Another implication of foundation is that there can be no infinite descending sequence of sets. A sequence of sets is a function f whose domain is ω. For each k ∈ ω we write f(k) as f_{k}. Suppose that f is a function with the property that for each n ∈ ω, f_{n+1} ∈ f_{n}. Then by the axiom of replacement, there would exist the set {f_{0}, f_{1}, f_{2}, …}. Each element of this set contains the following element, so none of the elements are disjoint with the entire set. So the sequence we started with could not exist.

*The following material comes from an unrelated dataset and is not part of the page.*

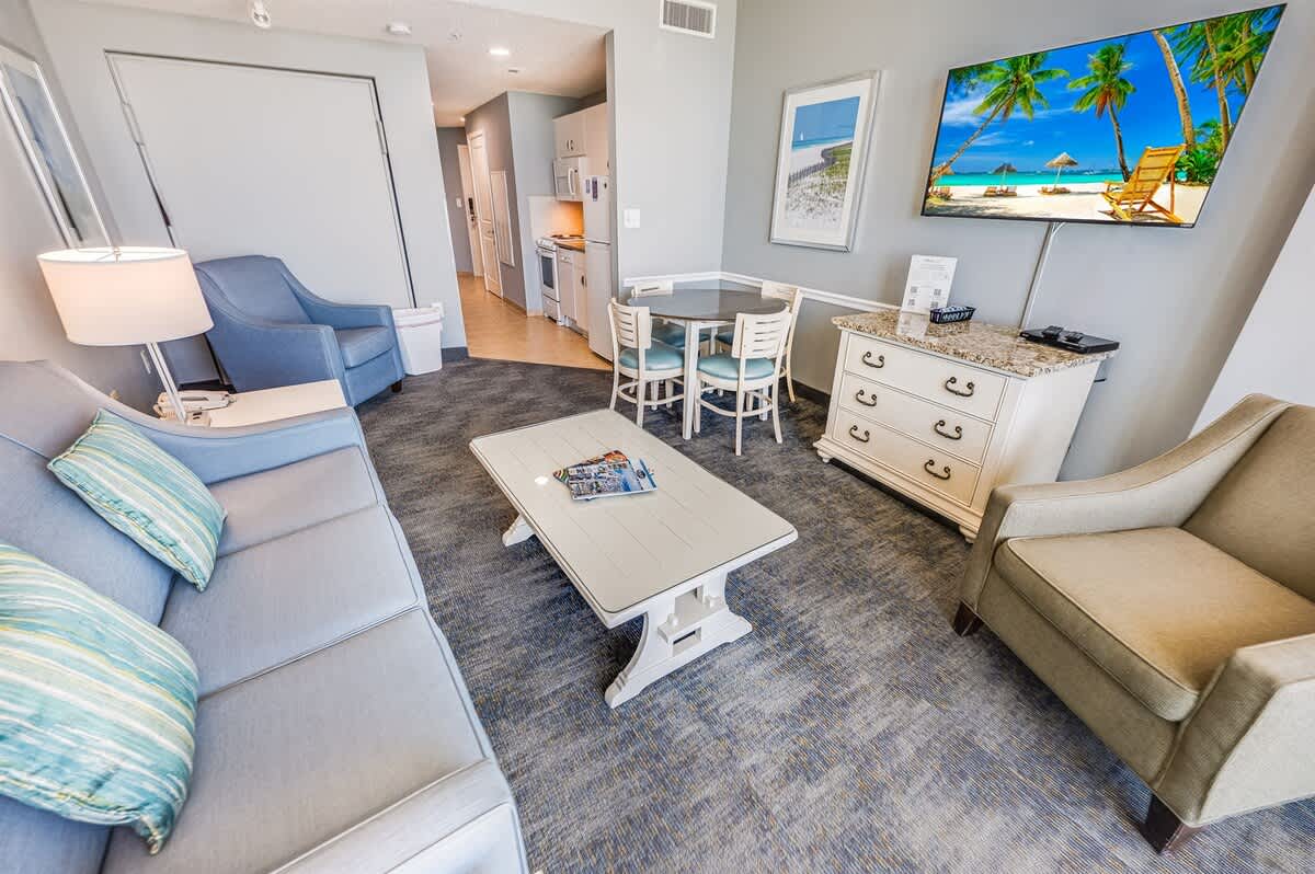 Located on the 16th floor, this entire condo offers a comfortable layout designed for relaxed coastal living. Large windows and a private balcony frame ocean and resort views, bringing the outdoors in while maintaining a sense of privacy. The living area invites you to settle in with the TV or simply enjoy the scenery, while the dining space provides an easy spot to share meals or linger over coffee.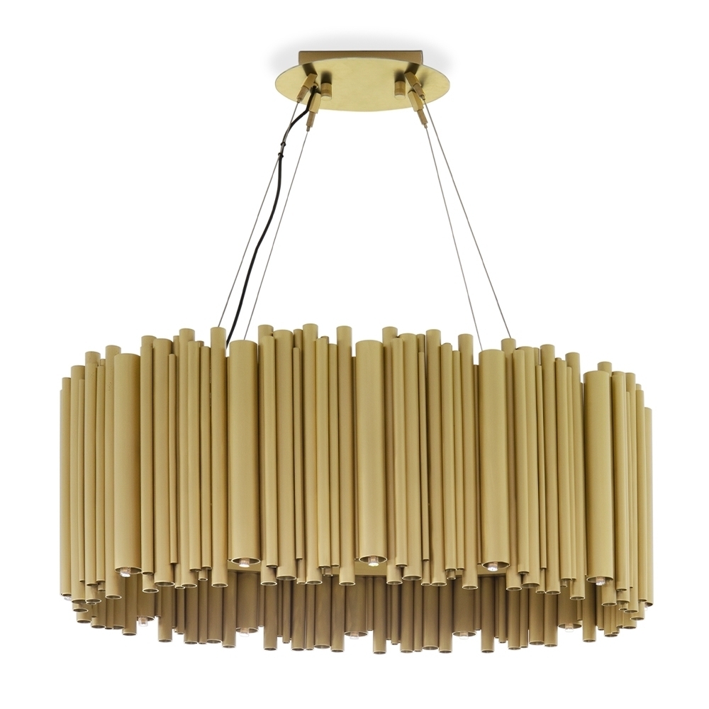 Люстра Brubeck от компании Delightfull (Португалия) – это возвращение к истокам стиля арт-деко. Эта люстра состоит из множества медных труб, собранных воедино. Внешне она напоминает орган – именно этот музыкальный инструмент вдохновил дизайнеров из Delightfull на создание люстры Brubeck. Особенность ее конструкции заключается в том, что из медных трубок можно создавать люстры любых размеров и форм: круглую, овальную, квадратную или прямоугольную.

This allows us to prove a pretty powerful and surprising result about set theory. The result: For any sentence Φ, if Φ holds of at least one set, then there must exist a set X such that Φ(X) holds, but Φ doesn’t hold for any element of X.

Formally:

(∃A Φ(A)) → ∃X (Φ(X) ∧ ∀Y ∈ X (¬Φ(Y))).

Suppose this was false. Then Φ would be satisfied by at least one set, and every set that satisfied Φ would contain an element that satisfied Φ. We can use this to build an infinite descending sequence of sets. Take any set that satisfies Φ and call it X_{0}. Since X_{0} satisfies Φ, it must contain at least one element that satisfies Φ. Define X_{1} to be any such element. X_{1} satisfies Φ as well, so it must contain at least one element that satisfies Φ, which we’ll call X_{2}. And so on forever. Since no set can contain itself, X_{n+1} is always distinct from X_{n}. We can use recursion and then replacement to construct the set {X_{0}, X_{1}, X_{2}, …}, which is an infinite descending sequence of sets. Contradiction!

This peculiar principle turns out to be useful to prove some big results, and the proofs are always a little funny and enjoyable to me. I’m not aware of any name for it, so I’ll call it the “far-from-the-tree” principle: for any property that holds of at least one set, there’s a set that has that property, none of whose elements have the property. I’ll now show two big results that are proven by this principle.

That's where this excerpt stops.